All that is needed is the first stretch of the listing below, repeated exactly and ending with the line that contains "Beautiful handmade necklace". Pictures are to be left out.

▸ **Supplied data**:

_____

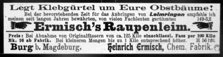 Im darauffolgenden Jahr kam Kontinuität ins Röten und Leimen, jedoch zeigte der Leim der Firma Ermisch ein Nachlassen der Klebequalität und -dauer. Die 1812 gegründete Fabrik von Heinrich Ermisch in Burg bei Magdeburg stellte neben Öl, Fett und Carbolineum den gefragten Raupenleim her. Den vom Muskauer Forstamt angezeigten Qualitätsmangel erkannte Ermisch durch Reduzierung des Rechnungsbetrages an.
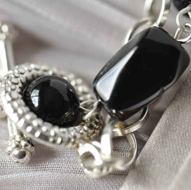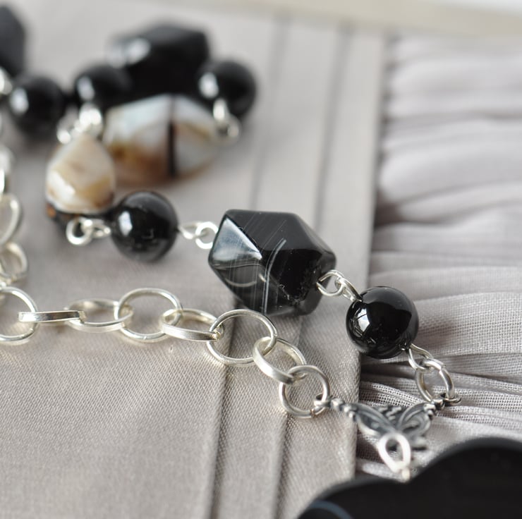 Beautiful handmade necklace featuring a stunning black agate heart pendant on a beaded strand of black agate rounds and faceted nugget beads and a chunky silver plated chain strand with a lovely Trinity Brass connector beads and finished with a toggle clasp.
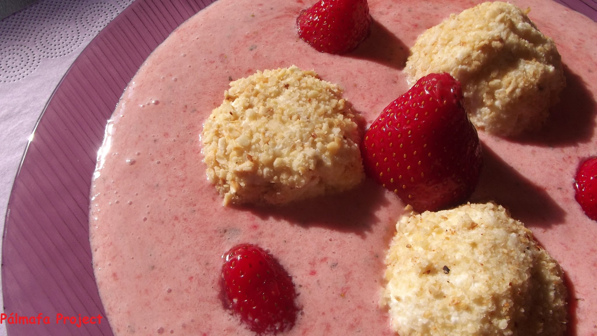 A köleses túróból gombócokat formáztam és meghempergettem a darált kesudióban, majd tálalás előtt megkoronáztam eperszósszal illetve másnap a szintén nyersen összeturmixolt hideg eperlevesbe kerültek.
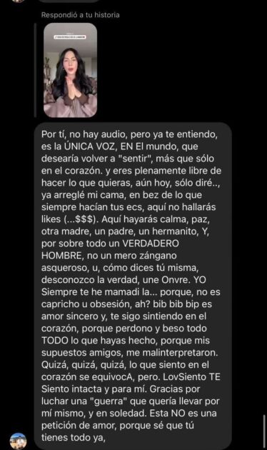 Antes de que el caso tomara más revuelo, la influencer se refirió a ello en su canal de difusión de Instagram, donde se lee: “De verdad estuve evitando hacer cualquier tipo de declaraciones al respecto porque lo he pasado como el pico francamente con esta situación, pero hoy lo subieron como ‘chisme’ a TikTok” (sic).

_____

▸ **Solution for this problem**:
 Im darauffolgenden Jahr kam Kontinuität ins Röten und Leimen, jedoch zeigte der Leim der Firma Ermisch ein Nachlassen der Klebequalität und -dauer. Die 1812 gegründete Fabrik von Heinrich Ermisch in Burg bei Magdeburg stellte neben Öl, Fett und Carbolineum den gefragten Raupenleim her. Den vom Muskauer Forstamt angezeigten Qualitätsmangel erkannte Ermisch durch Reduzierung des Rechnungsbetrages an.
 Beautiful handmade necklace featuring a stunning black agate heart pendant on a beaded strand of black agate rounds and faceted nugget beads and a chunky silver plated chain strand with a lovely Trinity Brass connector beads and finished with a toggle clasp.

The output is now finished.